Task to carry out: A faithful copy is required: transcribe each line below exactly, minus the pictures.
········
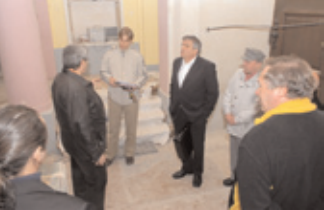
Před nastěhování Městské policie do nových prostor v budově bývalého ředitelství Rudných dolů si celý objekt důkladně prohlédli členové Rady města Příbram.

Vážení spoluobčané, dovoluji si Vás informovat o změně sídla Městské policie Příbram. Od 1. 4. 2008 sídlí Městská policie Příbram na nové adrese: náměstí T. G. Masaryka 121, Příbram I. Telefonní čísla zůstávají stejná (bezplatná tísňová linka 156 nebo 318 624 245).
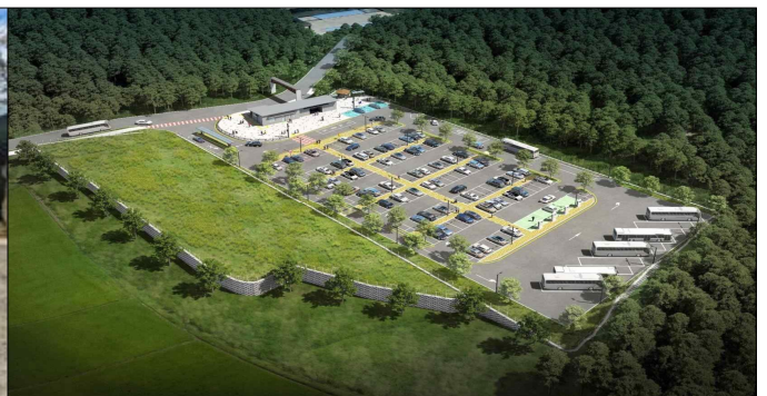
주차장 조성 완료 조감도
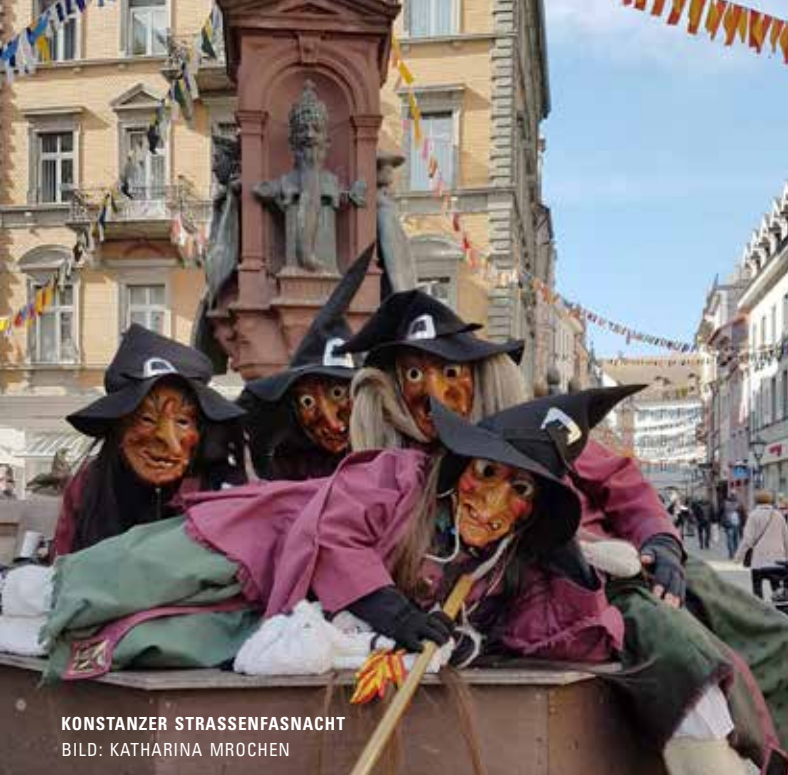
KONSTANZER STRASSENFASSNACHT
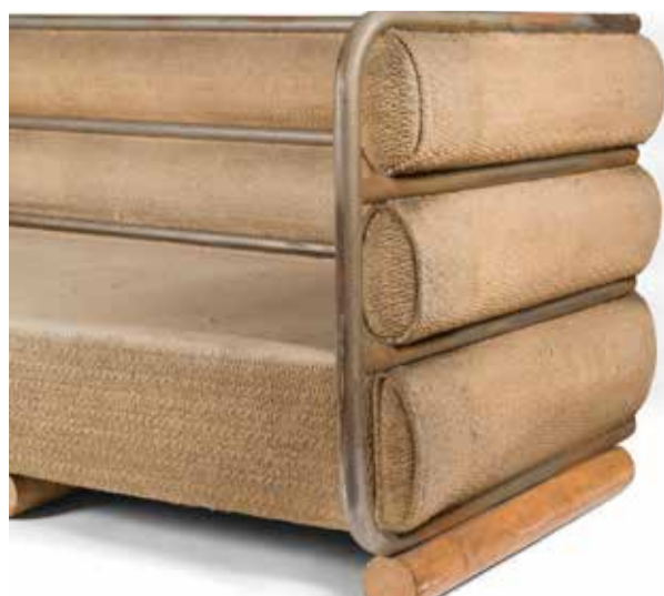
JEAN PASCAUD (1903-1996), Rare canapé moderniste à trois places. Adjugé 64 000 € le 03/12/21
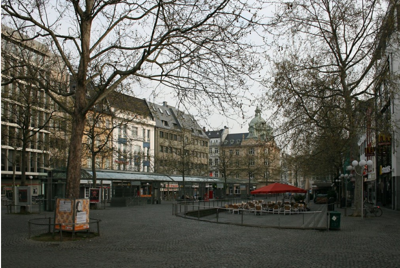
Friedensplatz mit Bushaltestelle (2012)
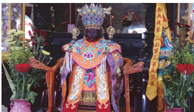
照片 5：九如三山國王廟之王爺奶奶
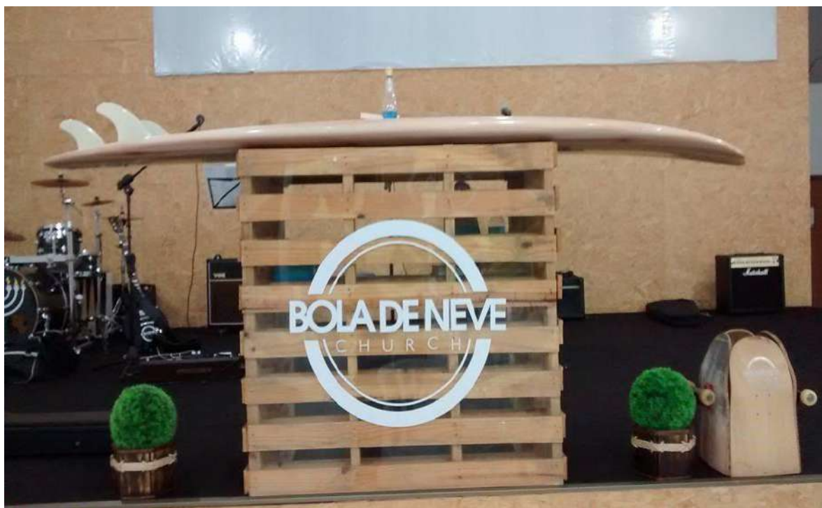
ANEXO 01 - Púlpito da Igreja Evangélica Bola de Neve de Toledo-PR.
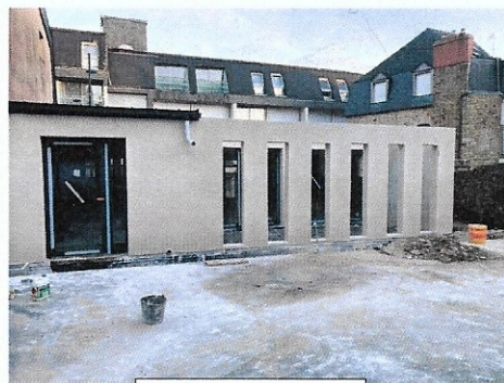
Côté arrière (patio)
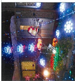
玄関がキラキラ綺麗に
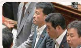
●H27.6.2 / 本会議場
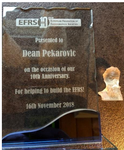
Slika 1. Plaketa
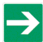
freccia di direzione
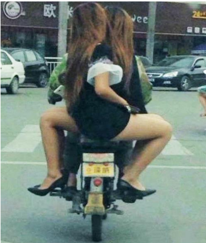
Tay lái xe ôm chổng văng khi quẹo trái hay phải...
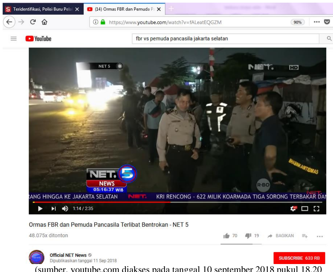
Gambar 1.4 Video Youtube tentang kejadian bentrok antar Ormas
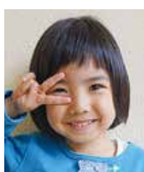
さえ 松元 彩笑 浦
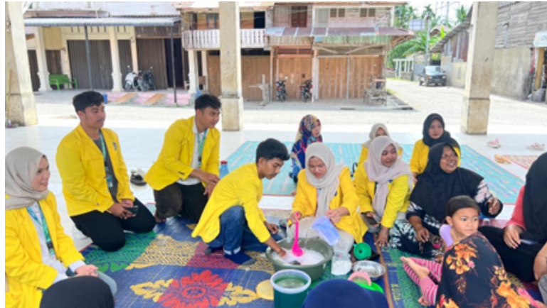
Gambar 2. Dokumentasi Proses Pembuatan Sabun Cuci Piring

Pelatihan praktik melibatkan seluruh 25 peserta secara aktif. Peserta dibagi ke dalam lima kelompok kecil (masing-masing 5 orang) untuk memastikan setiap anggota mendapat kesempatan terlibat langsung dalam proses produksi. Setiap kelompok dipandu oleh satu anggota tim mahasiswa yang berperan sebagai fasilitator. Proses produksi berlangsung secara lancar, dan seluruh kelompok berhasil menghasilkan produk sabun cuci piring dengan karakteristik fisik yang baik: viskositas sedang, busa melimpah, dan warna serta aroma yang seragam. Dokumentasi proses pembuatan sabun tersaji pada Gambar 2.
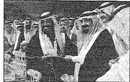
الأمير مشعل يسلم لجنة الفائزين جائزته

دعا إلى نبذ الفتن والتعصب وإثارة النعرات ..
········
Worked solution:
Před nastěhování Městské policie do nových prostor v budově bývalého ředitelství Rudných dolů si celý objekt důkladně prohlédli členové Rady města Příbram.

Vážení spoluobčané, dovoluji si Vás informovat o změně sídla Městské policie Příbram. Od 1. 4. 2008 sídlí Městská policie Příbram na nové adrese: náměstí T. G. Masaryka 121, Příbram I. Telefonní čísla zůstávají stejná (bezplatná tísňová linka 156 nebo 318 624 245).
주차장 조성 완료 조감도
KONSTANZER STRASSENFASSNACHT
JEAN PASCAUD (1903-1996), Rare canapé moderniste à trois places. Adjugé 64 000 € le 03/12/21
Friedensplatz mit Bushaltestelle (2012)
照片 5：九如三山國王廟之王爺奶奶
ANEXO 01 - Púlpito da Igreja Evangélica Bola de Neve de Toledo-PR.
Côté arrière (patio)
玄関がキラキラ綺麗に
●H27.6.2 / 本会議場
Slika 1. Plaketa
freccia di direzione
Tay lái xe ôm chổng văng khi quẹo trái hay phải...
Gambar 1.4 Video Youtube tentang kejadian bentrok antar Ormas
さえ 松元 彩笑 浦
Gambar 2. Dokumentasi Proses Pembuatan Sabun Cuci Piring

Pelatihan praktik melibatkan seluruh 25 peserta secara aktif. Peserta dibagi ke dalam lima kelompok kecil (masing-masing 5 orang) untuk memastikan setiap anggota mendapat kesempatan terlibat langsung dalam proses produksi. Setiap kelompok dipandu oleh satu anggota tim mahasiswa yang berperan sebagai fasilitator. Proses produksi berlangsung secara lancar, dan seluruh kelompok berhasil menghasilkan produk sabun cuci piring dengan karakteristik fisik yang baik: viskositas sedang, busa melimpah, dan warna serta aroma yang seragam. Dokumentasi proses pembuatan sabun tersaji pada Gambar 2.
الأمير مشعل يسلم لجنة الفائزين جائزته

دعا إلى نبذ الفتن والتعصب وإثارة النعرات ..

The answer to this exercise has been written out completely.